Scioto madtom
- Conservation status: Extinct (2013) (IUCN 3.1)

Scientific classification
- Kingdom: Animalia
- Phylum: Chordata
- Class: Actinopterygii
- Order: Siluriformes
- Family: Ictaluridae
- Genus: Noturus
- Species: †N. trautmani
- Binomial name: †Noturus trautmani W. R. Taylor, 1969

= Scioto madtom =

- Authority: W. R. Taylor, 1969
- Conservation status: EX

Extinct species of fish

The Scioto madtom (Noturus trautmani) was a species of fish in the family Ictaluridae.
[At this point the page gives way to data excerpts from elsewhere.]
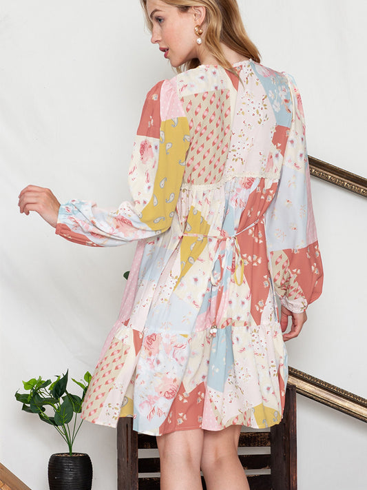Sold outPrinted Tie Neck Long Sleeve Dress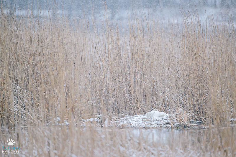 - Kyhmyjoutsen pesällä – kuva Tuomas Heinonen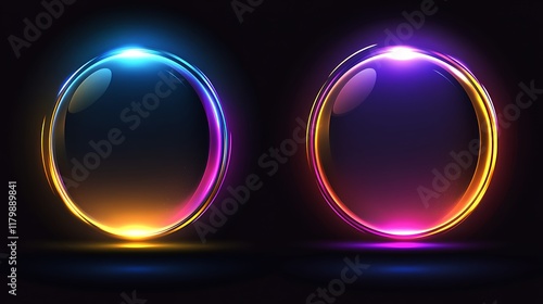 Two glowing orbs with vibrant neon light effects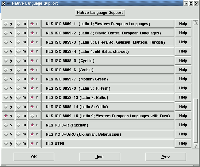 always compiled in. The table 'NLS ISO 8859-1' is the previous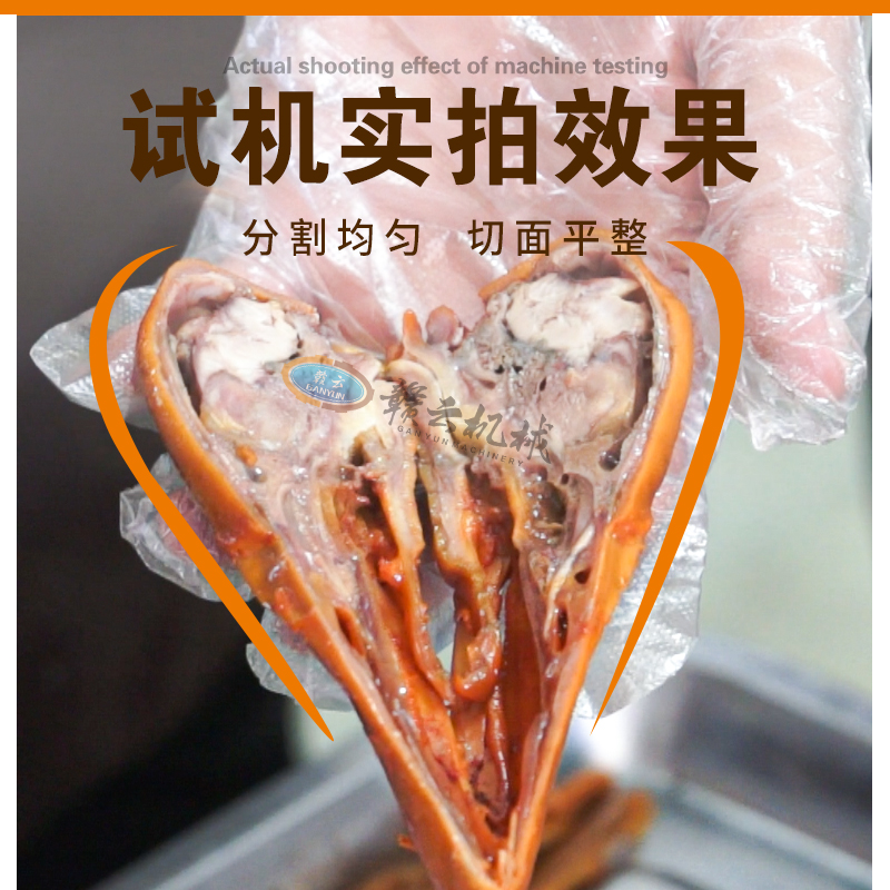 適用于常溫:雞爪、鴨頭、鵝頭、海參、胡蘿卜、豬喉等對(duì)稱(chēng)切半加工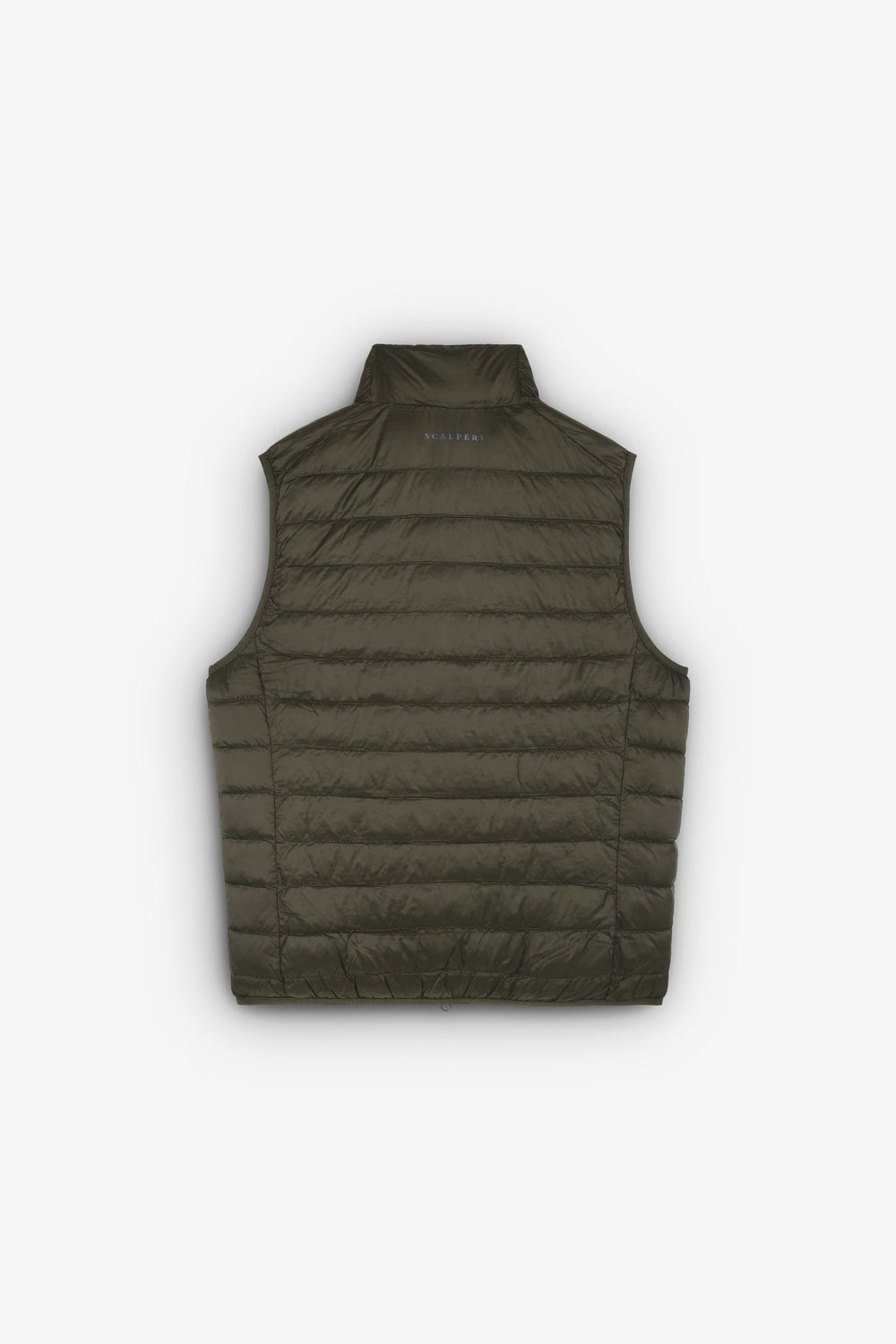 Chaleco acolchado confeccionado en tejido de nailon y poliéster reciclado water repellent.
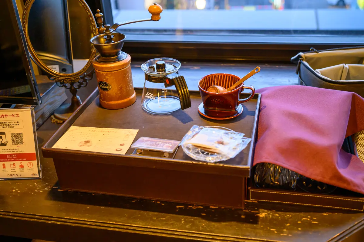 また横にはコーヒー類も用意されている。自分で豆を挽いて、ドリップして、ウメェ!という感じで楽しむことが出来る。ただ、ドリップの方法がわからず断念したのはここだけの話である。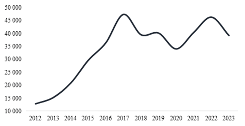 Figure 4. Number of emigrants from Croatia, 2012–2023, ppl.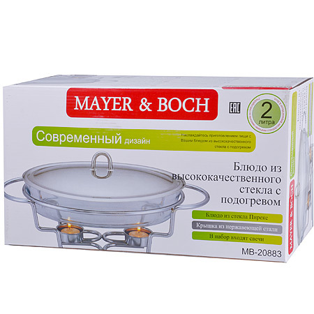 Мармит MAYER&BOCH выполнен из стекла и нержавеющей стали. Стеклянная чаша располагается на стальной подставке с двумя подсвечниками для чайных свечей, снабженной двумя ручками. Свечи, устанавливающиеся на подставке, нагревают чашу снизу, таким образом поддерживая нужную температуру приготовленного блюда. Крышка из качественной нержавеющей стали с удобной ручкой плотно прикрывает чашу сверху, в свою очередь также не давая остыть блюду. Благодаря своему элегантному дизайну, мармит с приготовленным блюдом можно сразу подавать на стол, не перекладывая еду на сервировочные тарелки. Изящный, с современным дизайном, мармит украсит любой праздничный стол, а блюда в нем будут всегда теплыми и ароматными. Стеклянная чаша (без крышки и подставки) подходит для использования в духовом шкафу и микроволновой печи. Подходит для мытья в посудомоечной машине. Подходит для хранения в холодильнике.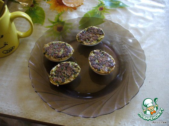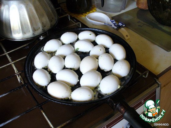 На сковороде разогреваем сливочное масло и кладем яйца фаршем вниз. Жарим 7 мин. на небольшом огне.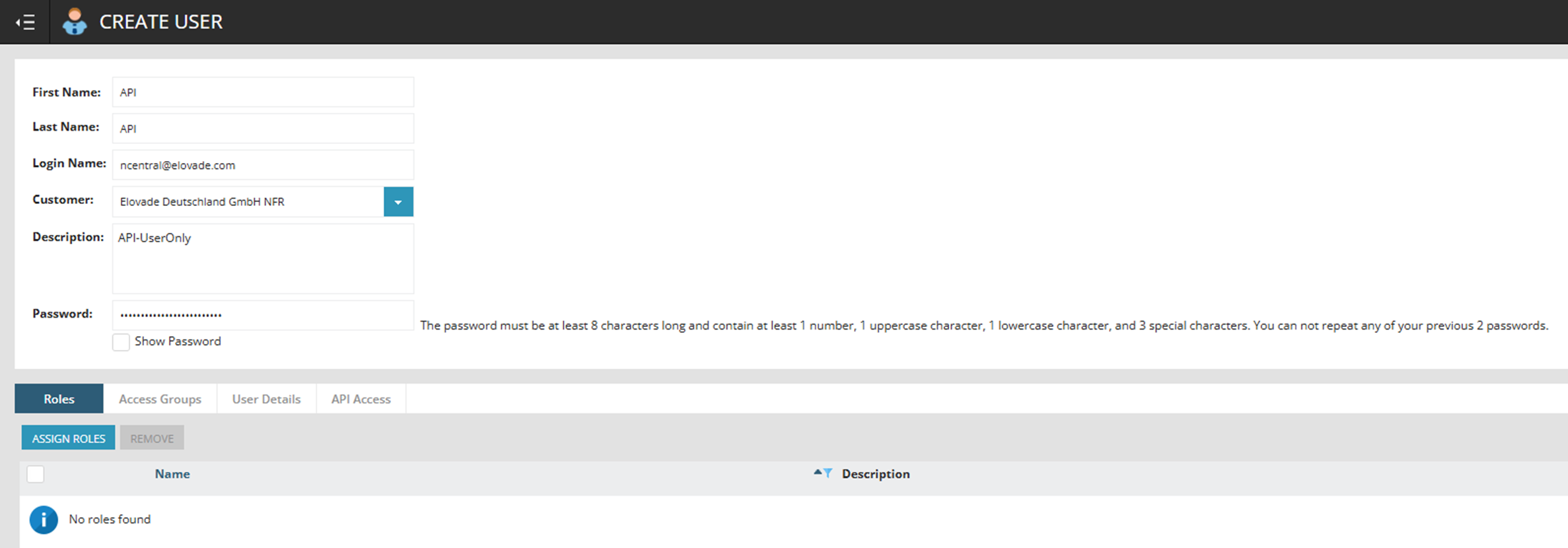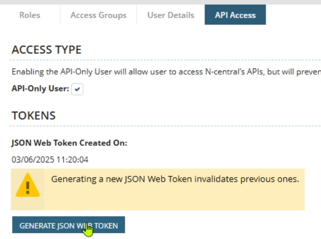 Tipp: Der API-Only-User-Zugriff verhindert den Zugriff auf die N-central-UI. Dies ist besonders wichtig, da die 2-Faktor-Authentifizierung deaktiviert wurde.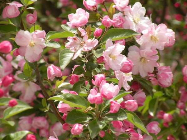 “西府海棠”它是因周恩來總理選中中南海中有最喜愛的海棠花兒而居住一輩子的“西花廳”,由此冠名的。西府海棠花最美麗的時候就是在它將開未開時分,長長的花柄上的花蕾如指甲蓋大小,胭脂樣的紅,仿佛一枚枚胭脂扣。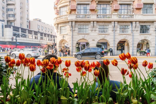 在武康大楼的脚下,一片郁金香花带悄然绽放宛如一幅绚丽的画卷铺陈于春日的怀抱之中,那一朵朵郁金香或娇羞地低垂着头似少女怀春的羞涩,或昂然挺立如勇士般骄傲地展示着自己的风姿。
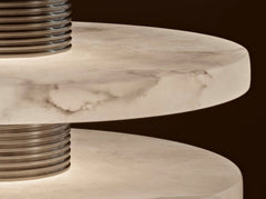 The translucent alabaster planes of the Median Series are intersected by a fluted brass form, referencing traditional Middle Eastern jewelry while pushing it through a futurist lens. The stone glows from a light source that remains hidden, illuminating the relationship between the solid and the permeable.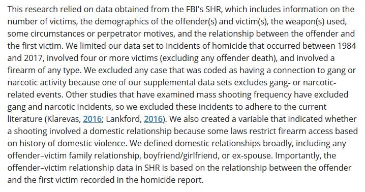 No research is perfect, and some of these exclusions highlight the need for better data for scholars to work with. The authors of this study appropriately point out the limitations of their data. The recognize that what they are trying to explain are “rare events.” They “acknowledge that our results are influenced by the definition [of mass shooting] that we have chosen.”
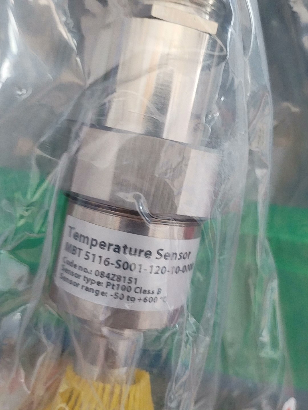 Danfoss MBT5116 084Z8151 温度传感器是一款全新原装工业级温度检测设备,专为精准测量工业环境中的温度参数设计。产品采用高品质金属探头结构,配备黄色防护网以保护敏感元件,整体封装于透明塑料袋中,标签信息完整清晰,确保产品 authenticity 与可靠性。
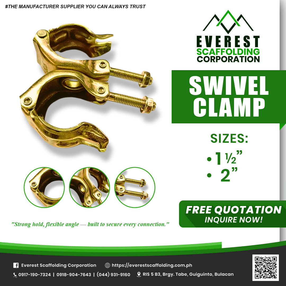 Swivel clamp is a scaffolding coupler used to connect two scaffold tubes or pipes at any adjustable angle, allowing the pipes to rotate relative to each other before tightening.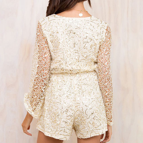 appeal when you slip into this item. It features solid color and lace hollow out patterns, with deep V-neck and long sleeve

It is listed as extinct by the International Union for Conservation of Nature, which notes that it has likely been entirely or functionally extinct since 1957 given the lack of records since that year.

This fish was endemic to Ohio in the United States. Only one population was ever known; it was located in Big Darby Creek, a tributary of the Scioto River. Eighteen specimens were collected, all at one riffle in this creek, an area called Trautman's Riffle. It has not been seen since 1957.

It was proposed for removal from the list of endangered species by the U.S. Fish & Wildlife Service on September 30, 2021. It was removed on October 16, 2023, in accordance with the Endangered Species Act due to it being declared extinct.